(Data items)

- Opening Delimiter -

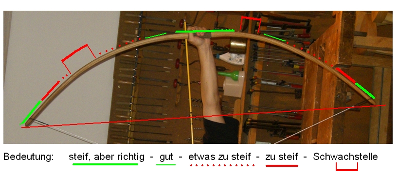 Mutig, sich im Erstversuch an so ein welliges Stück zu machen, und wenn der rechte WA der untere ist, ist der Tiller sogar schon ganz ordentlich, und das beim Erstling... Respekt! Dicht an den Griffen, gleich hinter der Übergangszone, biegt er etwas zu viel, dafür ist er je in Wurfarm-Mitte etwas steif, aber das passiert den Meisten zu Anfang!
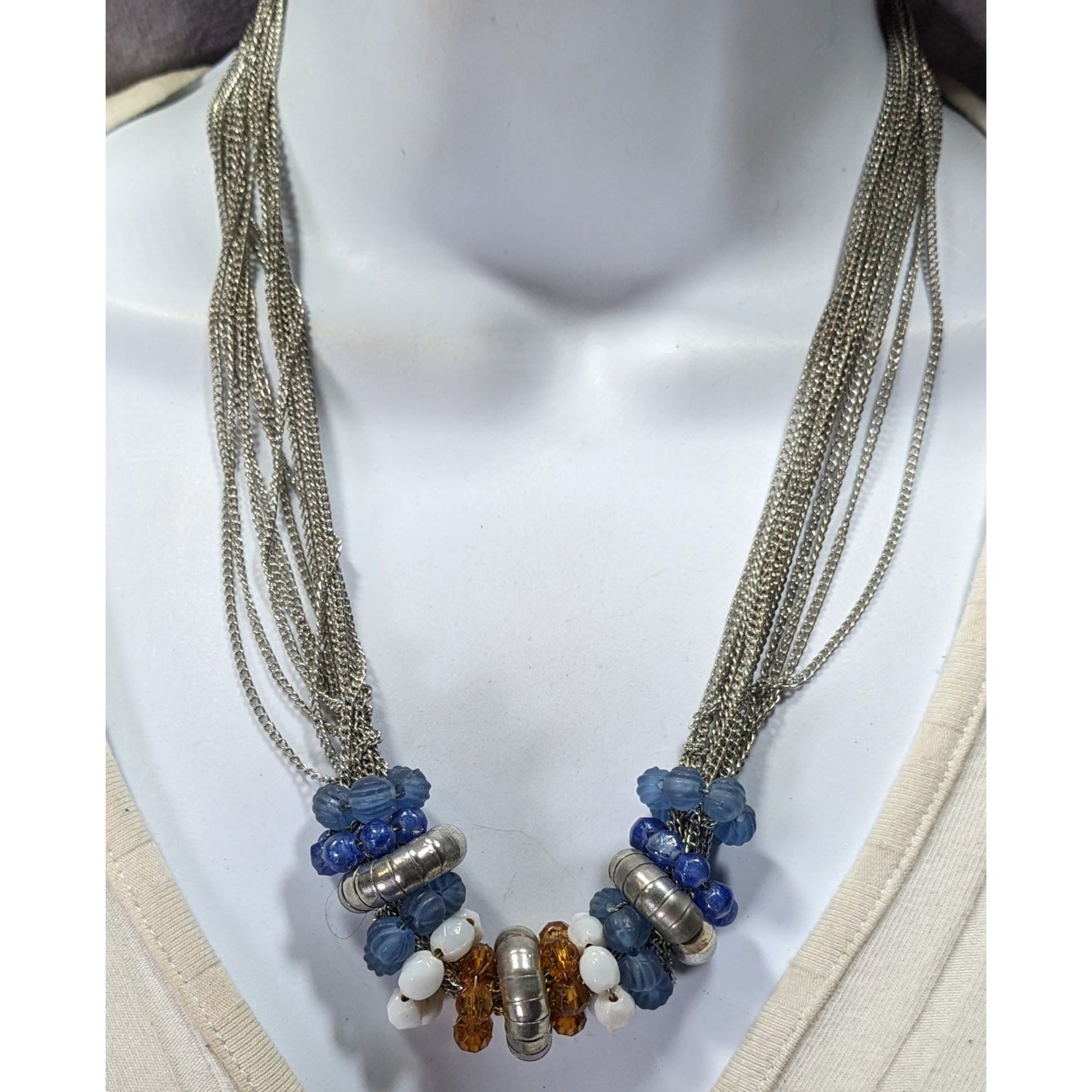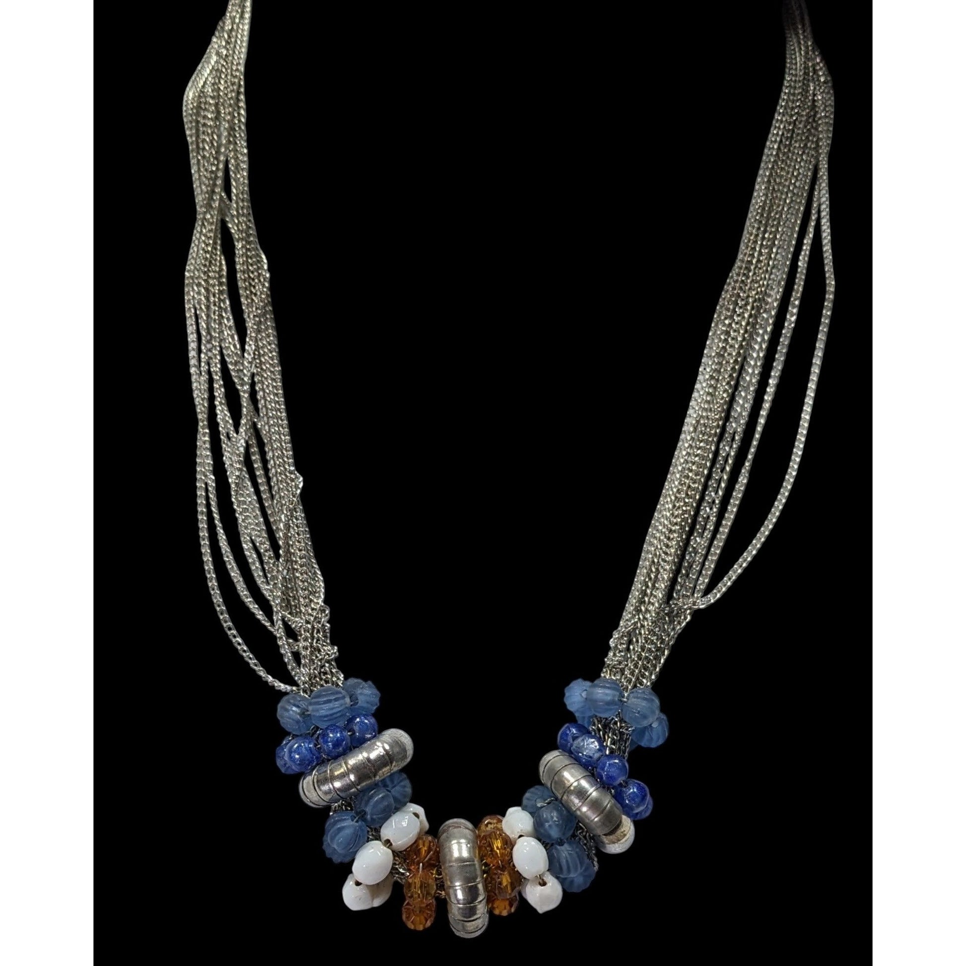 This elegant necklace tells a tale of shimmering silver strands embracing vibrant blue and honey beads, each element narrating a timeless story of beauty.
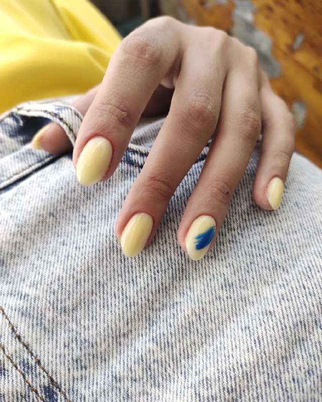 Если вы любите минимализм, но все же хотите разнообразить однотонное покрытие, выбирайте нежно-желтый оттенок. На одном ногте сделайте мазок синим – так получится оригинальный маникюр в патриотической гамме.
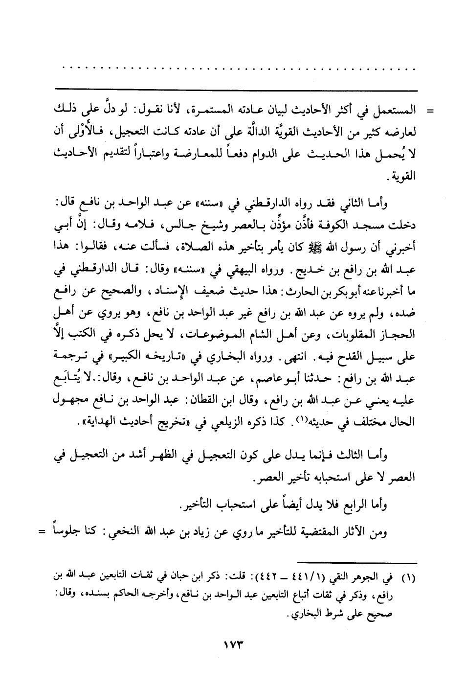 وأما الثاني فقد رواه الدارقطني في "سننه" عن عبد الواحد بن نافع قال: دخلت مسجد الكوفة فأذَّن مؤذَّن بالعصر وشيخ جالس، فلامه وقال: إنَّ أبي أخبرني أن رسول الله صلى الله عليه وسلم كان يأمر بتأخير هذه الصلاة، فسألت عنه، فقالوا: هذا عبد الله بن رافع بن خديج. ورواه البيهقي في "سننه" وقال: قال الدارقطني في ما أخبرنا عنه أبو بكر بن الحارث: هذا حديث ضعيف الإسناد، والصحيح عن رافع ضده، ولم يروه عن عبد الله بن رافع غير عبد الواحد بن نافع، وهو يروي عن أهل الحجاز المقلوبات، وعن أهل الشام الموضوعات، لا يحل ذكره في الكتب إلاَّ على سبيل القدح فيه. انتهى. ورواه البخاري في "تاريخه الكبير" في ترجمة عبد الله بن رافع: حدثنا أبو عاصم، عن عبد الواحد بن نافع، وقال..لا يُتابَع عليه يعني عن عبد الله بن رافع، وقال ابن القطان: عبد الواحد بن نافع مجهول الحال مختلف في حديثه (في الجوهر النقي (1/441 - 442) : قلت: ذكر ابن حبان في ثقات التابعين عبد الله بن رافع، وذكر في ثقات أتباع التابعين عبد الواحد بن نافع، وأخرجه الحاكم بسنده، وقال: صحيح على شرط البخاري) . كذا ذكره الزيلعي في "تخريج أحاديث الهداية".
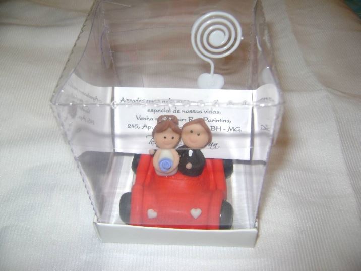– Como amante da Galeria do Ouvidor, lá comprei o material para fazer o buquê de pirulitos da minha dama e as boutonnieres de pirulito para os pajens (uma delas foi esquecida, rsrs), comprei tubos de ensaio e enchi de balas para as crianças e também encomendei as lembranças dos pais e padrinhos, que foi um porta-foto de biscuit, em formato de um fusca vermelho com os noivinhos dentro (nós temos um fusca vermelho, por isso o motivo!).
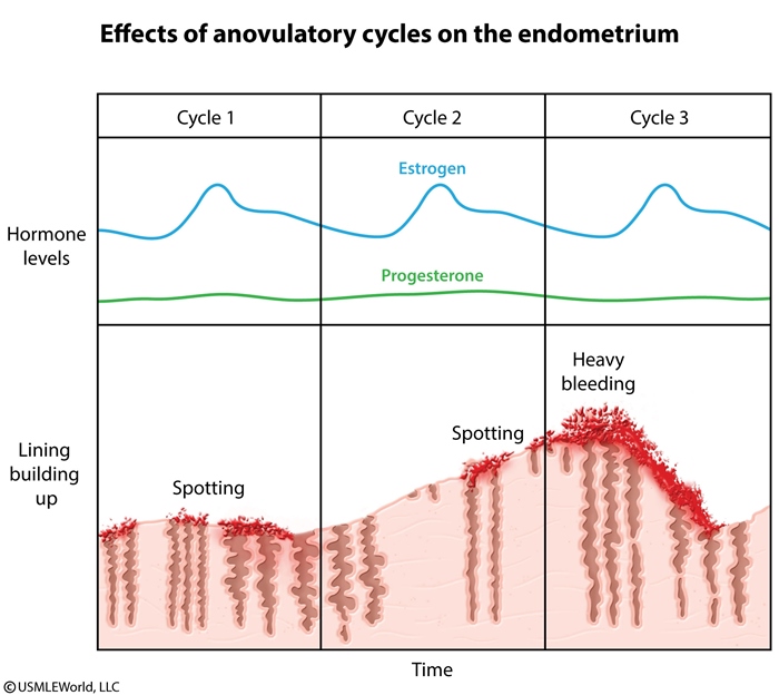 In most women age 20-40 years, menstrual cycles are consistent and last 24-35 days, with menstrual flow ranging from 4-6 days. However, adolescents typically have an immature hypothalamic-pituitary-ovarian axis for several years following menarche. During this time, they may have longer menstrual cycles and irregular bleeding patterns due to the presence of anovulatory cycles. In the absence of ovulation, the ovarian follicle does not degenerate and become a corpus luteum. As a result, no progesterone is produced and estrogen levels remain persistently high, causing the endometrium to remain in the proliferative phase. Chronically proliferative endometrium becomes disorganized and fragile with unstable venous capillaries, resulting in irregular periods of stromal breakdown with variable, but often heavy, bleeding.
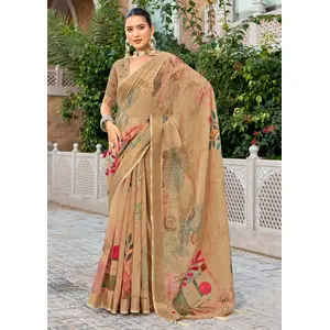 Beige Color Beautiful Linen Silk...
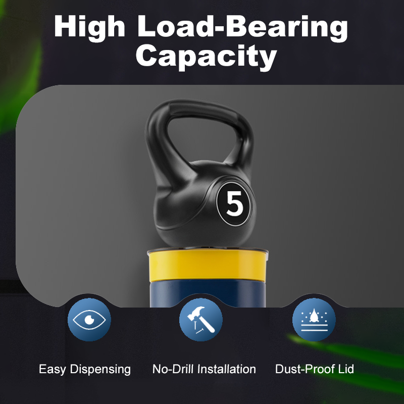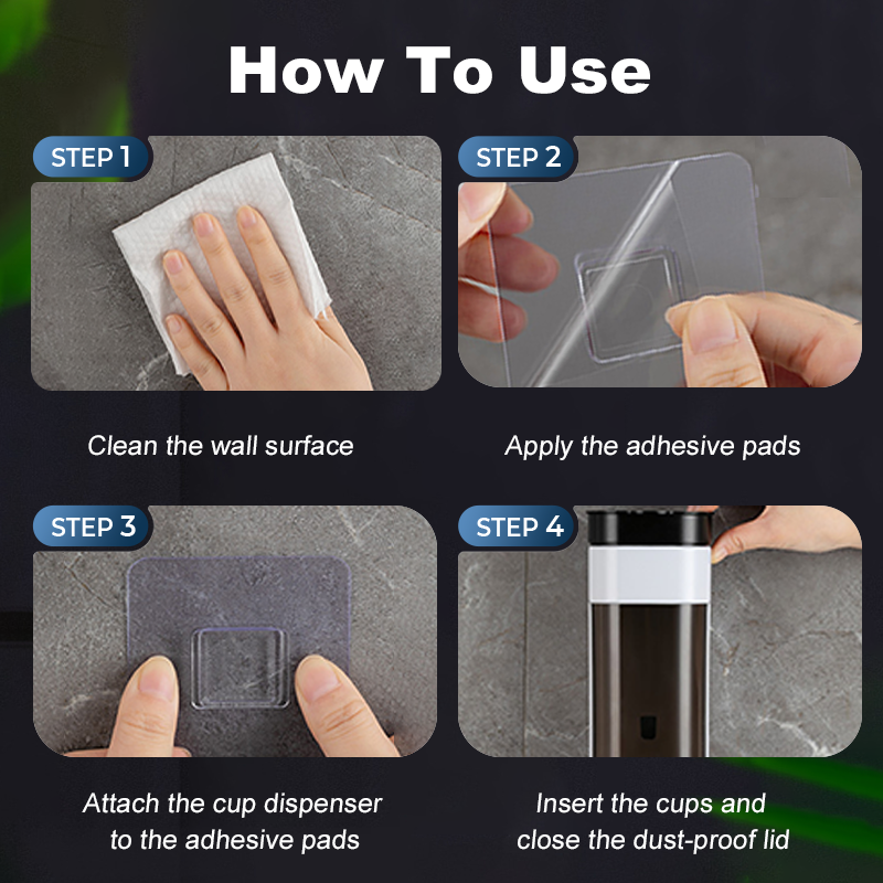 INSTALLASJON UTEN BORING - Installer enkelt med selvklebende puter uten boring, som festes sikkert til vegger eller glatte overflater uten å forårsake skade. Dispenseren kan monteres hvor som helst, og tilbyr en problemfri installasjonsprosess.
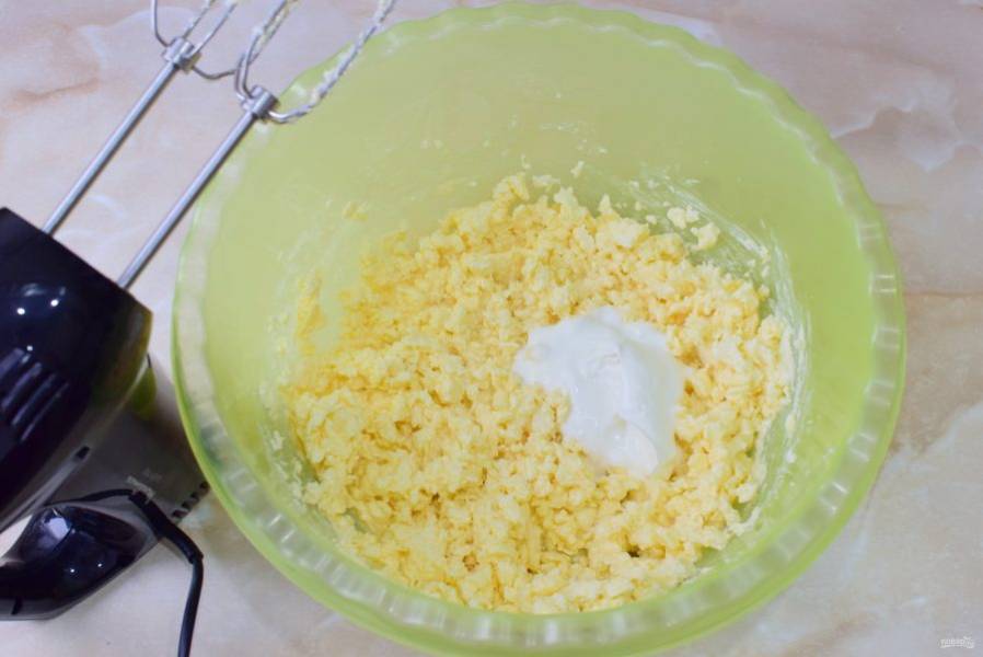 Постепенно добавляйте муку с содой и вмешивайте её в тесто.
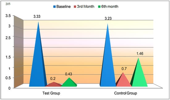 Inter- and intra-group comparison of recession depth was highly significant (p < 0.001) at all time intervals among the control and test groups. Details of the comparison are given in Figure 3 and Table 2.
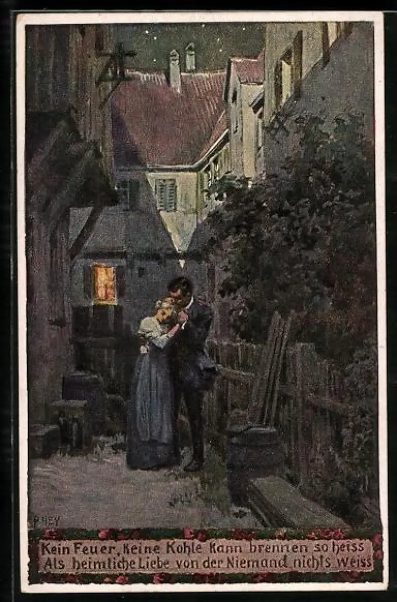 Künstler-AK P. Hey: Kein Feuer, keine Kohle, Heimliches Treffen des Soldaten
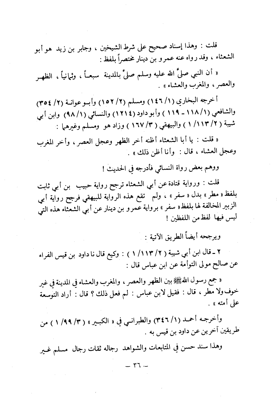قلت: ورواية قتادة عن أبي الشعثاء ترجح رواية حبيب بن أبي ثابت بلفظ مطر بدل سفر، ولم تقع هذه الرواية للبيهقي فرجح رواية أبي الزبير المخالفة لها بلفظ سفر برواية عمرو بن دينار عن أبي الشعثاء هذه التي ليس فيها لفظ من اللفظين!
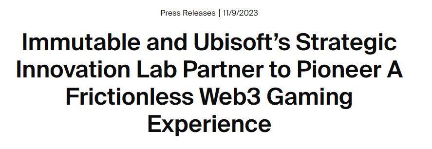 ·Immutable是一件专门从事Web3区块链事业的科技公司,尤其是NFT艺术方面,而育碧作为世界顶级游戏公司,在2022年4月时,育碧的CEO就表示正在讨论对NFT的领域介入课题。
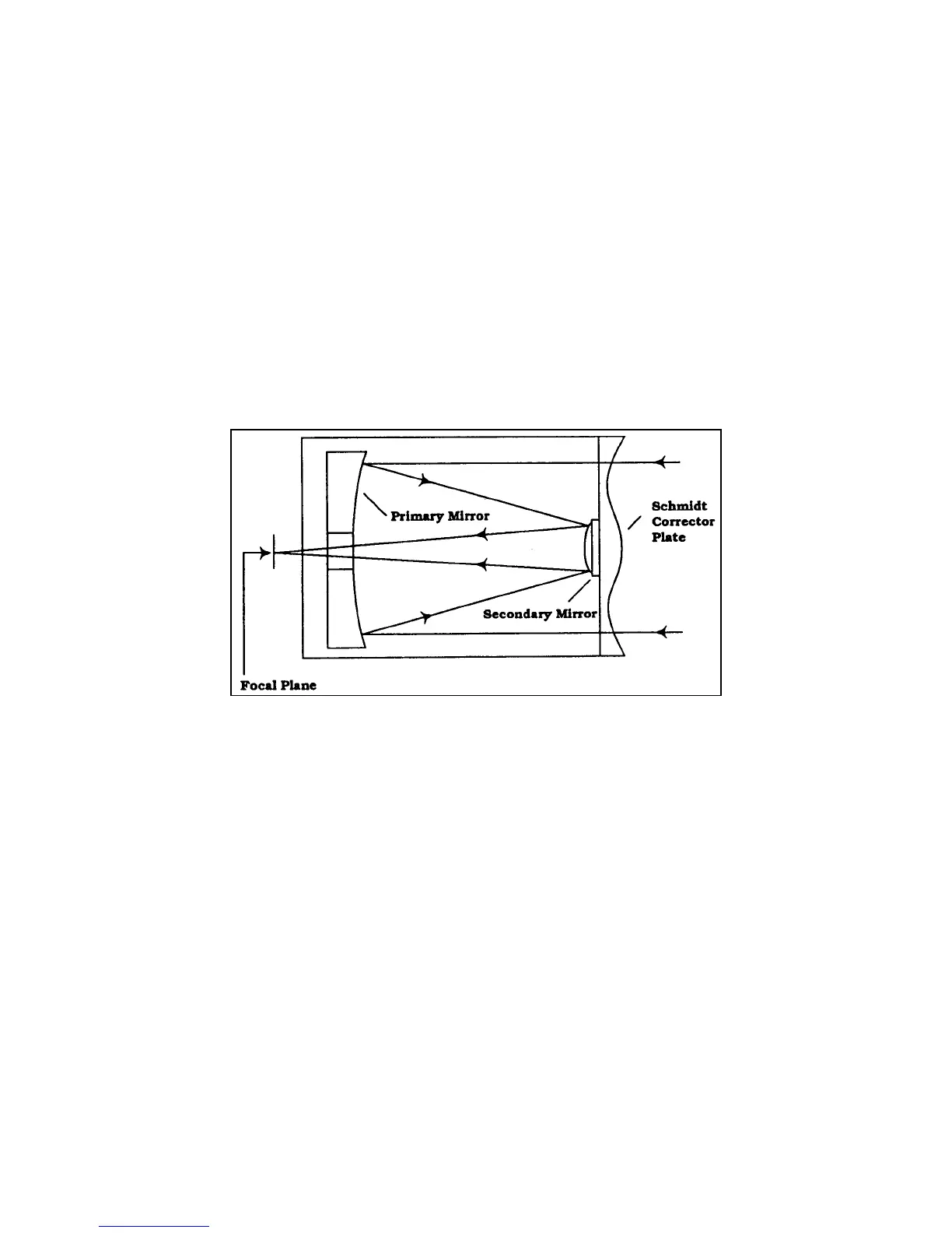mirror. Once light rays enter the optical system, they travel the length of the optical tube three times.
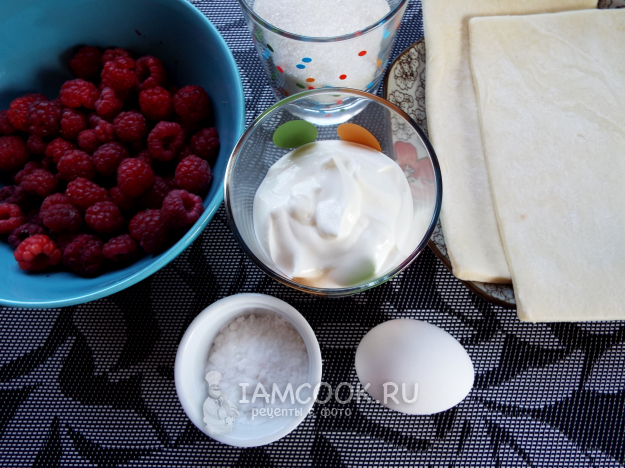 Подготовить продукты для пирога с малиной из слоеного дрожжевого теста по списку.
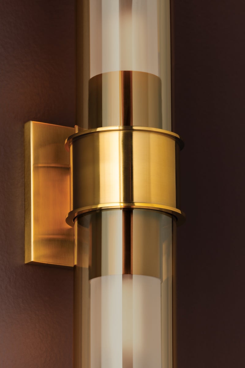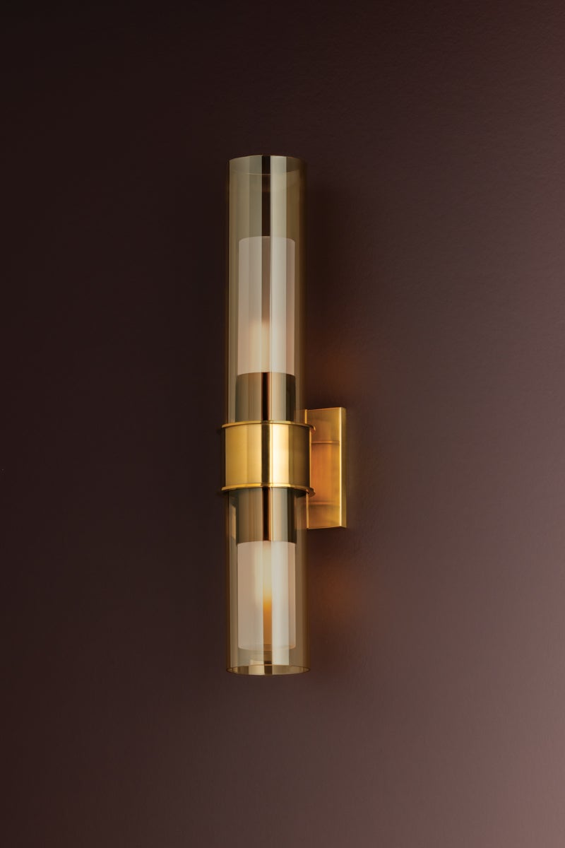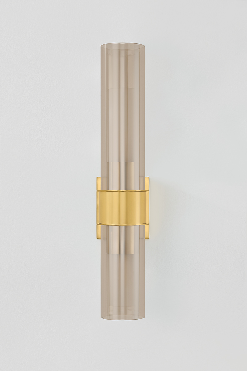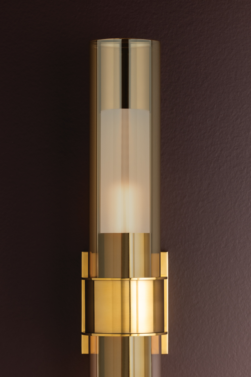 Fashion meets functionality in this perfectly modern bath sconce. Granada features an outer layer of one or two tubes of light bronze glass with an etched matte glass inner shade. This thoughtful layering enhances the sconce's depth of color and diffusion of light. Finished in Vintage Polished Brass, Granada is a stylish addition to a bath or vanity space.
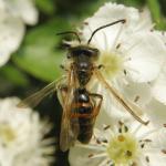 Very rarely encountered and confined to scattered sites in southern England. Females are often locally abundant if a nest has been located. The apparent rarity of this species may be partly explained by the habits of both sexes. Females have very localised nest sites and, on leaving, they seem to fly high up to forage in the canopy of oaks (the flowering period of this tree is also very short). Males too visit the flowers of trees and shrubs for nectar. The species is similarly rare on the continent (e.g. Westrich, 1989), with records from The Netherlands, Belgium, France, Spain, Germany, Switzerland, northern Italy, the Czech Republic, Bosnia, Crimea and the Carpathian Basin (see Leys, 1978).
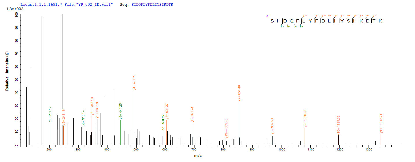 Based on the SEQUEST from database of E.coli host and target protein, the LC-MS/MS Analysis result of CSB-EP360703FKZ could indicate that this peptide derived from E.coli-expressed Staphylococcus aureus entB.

- Closing Delimiter -

» What is needed:
Exactly the lines above, from the one containing "Künstler-AK P. Hey: Kein" down to the one containing "Fashion meets functionality", are to be repeated, including both ends. Pictures are not part of the copy.

» Completed exercise:
 Künstler-AK P. Hey: Kein Feuer, keine Kohle, Heimliches Treffen des Soldaten
قلت: ورواية قتادة عن أبي الشعثاء ترجح رواية حبيب بن أبي ثابت بلفظ مطر بدل سفر، ولم تقع هذه الرواية للبيهقي فرجح رواية أبي الزبير المخالفة لها بلفظ سفر برواية عمرو بن دينار عن أبي الشعثاء هذه التي ليس فيها لفظ من اللفظين!
 ·Immutable是一件专门从事Web3区块链事业的科技公司,尤其是NFT艺术方面,而育碧作为世界顶级游戏公司,在2022年4月时,育碧的CEO就表示正在讨论对NFT的领域介入课题。
mirror. Once light rays enter the optical system, they travel the length of the optical tube three times.
 Подготовить продукты для пирога с малиной из слоеного дрожжевого теста по списку.
 Fashion meets functionality in this perfectly modern bath sconce. Granada features an outer layer of one or two tubes of light bronze glass with an etched matte glass inner shade. This thoughtful layering enhances the sconce's depth of color and diffusion of light. Finished in Vintage Polished Brass, Granada is a stylish addition to a bath or vanity space.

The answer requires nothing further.